The copy you return should hold only the lines from the top of the data below through the line with "Al finalizar la", each duplicated exactly and with no pictures.

(Collected material begins)

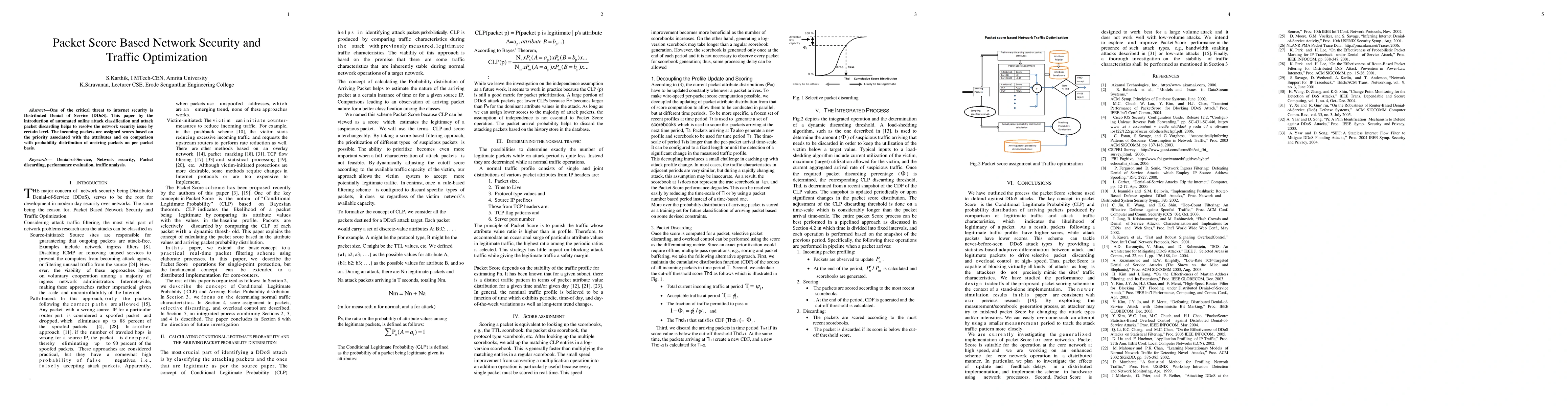 One of the critical threat to internet security is Distributed Denial of Service (DDoS). This paper by the introduction of automated online attack classification and attack packet discarding helps to resolve the network security issue by certain level. The incoming packets are assigned scores based on the priority associated with the attributes and on comparison with probability distribution of arriving packets on per packet basis.
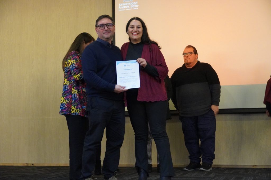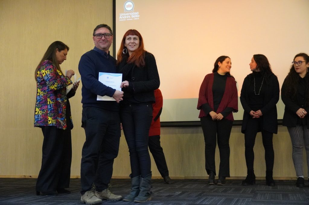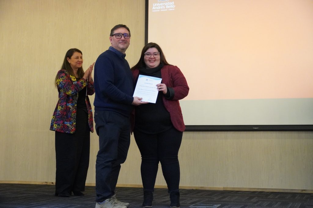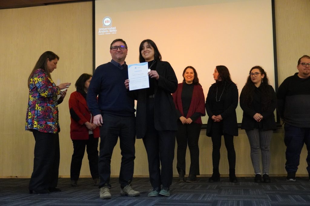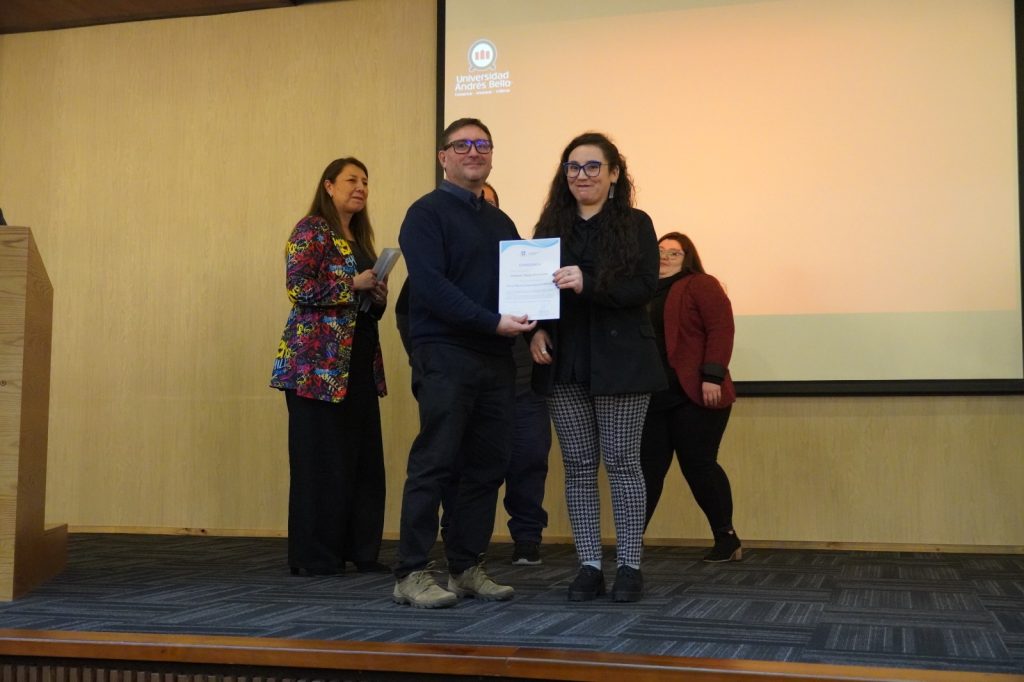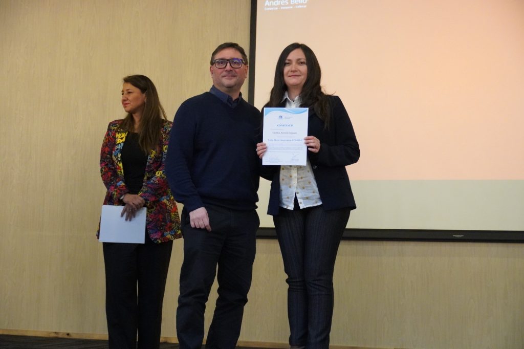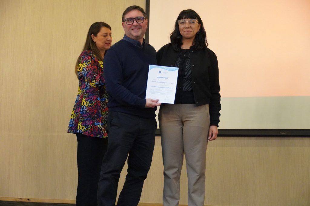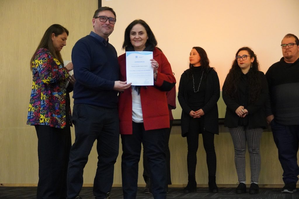 Al finalizar la conferencia, se realizó una ceremonia de certificación para 12 profesionales de Tierra de Esperanza que completaron el curso «Marco Comprensivo del Modelo Multidimensional de Intervención Diferenciada con Adolescentes Infractores de Ley», ofrecido en alianza con la Universidad de La Frontera. Este curso especializado les permitió profundizar en las trayectorias de adolescentes con comportamientos transgresores persistentes, comparado con aquellos que muestran comportamientos desadaptativos transitorios, reforzando la importancia de una intervención diferenciada y basada en la evidencia.
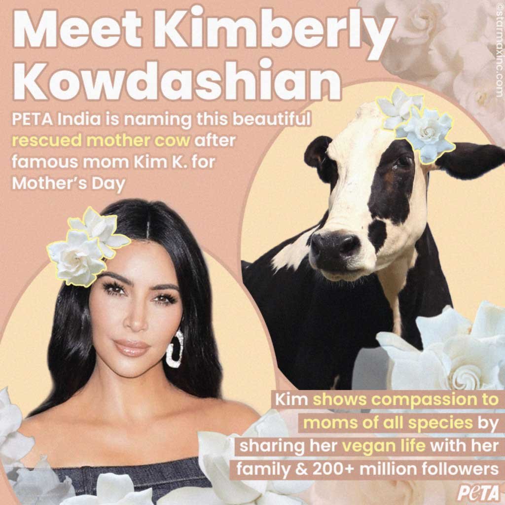“For Mother’s Day, PETA India names rescued mother cow ‘Kim Kowdashian’ after reality TV star Kim Kardashian,” tweeted the animal rights advocate’s India branch.

(Collected material ends)

Reply to the exercise —
 One of the critical threat to internet security is Distributed Denial of Service (DDoS). This paper by the introduction of automated online attack classification and attack packet discarding helps to resolve the network security issue by certain level. The incoming packets are assigned scores based on the priority associated with the attributes and on comparison with probability distribution of arriving packets on per packet basis.
 Al finalizar la conferencia, se realizó una ceremonia de certificación para 12 profesionales de Tierra de Esperanza que completaron el curso «Marco Comprensivo del Modelo Multidimensional de Intervención Diferenciada con Adolescentes Infractores de Ley», ofrecido en alianza con la Universidad de La Frontera. Este curso especializado les permitió profundizar en las trayectorias de adolescentes con comportamientos transgresores persistentes, comparado con aquellos que muestran comportamientos desadaptativos transitorios, reforzando la importancia de una intervención diferenciada y basada en la evidencia.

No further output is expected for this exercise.